In support of the effort to update Circuitscape without McRae’s leadership, and inspired by the breadth of applications described in the Dickson et al. review [16], we assembled a comprehensive set of peer-reviewed Circuitscape applications. Our intent was to learn more about how the tool has been applied, to add to our list of potential new features for the software, and to identify potential new collaborators to help us keep building from McRae’s foundation. Our ongoing work with these applications includes examination of how computing constraints influenced modeling practices and spatial data use.

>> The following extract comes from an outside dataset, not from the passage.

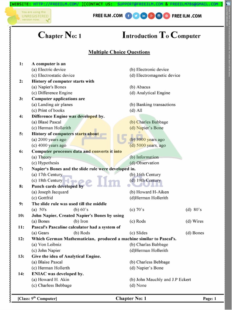 Computer Science Class 9 | Chapter # 1 Fundamentals of Computer | MCQ`s ...

To find Circuitscape applications, we reviewed 1280 papers identified through Web of Science searches (end date for publication, including “early online” of December 2020, with the last search on 26 January 2021) that cited key foundational papers by McRae, Shah, and colleagues [22,31,36,39,46], or a Circuitscape user guide [25,52]. The user guides did not appear in searches by author, but we tracked them from the literature cited sections of a few applications; we found only a few studies that cited a user guide without also citing at least one of the foundational papers. From this set, we identified 572 papers in the natural sciences published in English from 2007–2020 where Circuitscape analyses were part of a research study. We included methods-focused papers if they had a case-study application; 11 papers that did not include a case study on a real landscape, as well as a few applications in other branches of science, were not included in our descriptions of applications. We did retain one paper in materials science [53], as it addressed issues of complexity that may be of interest to ecological modelers. In our counts by software version and topic, we did not attempt to control for the repeated use of the same Circuitscape analysis in different research papers. In a few cases the same paper used multiple versions of the software; we include these papers in the counts for both versions.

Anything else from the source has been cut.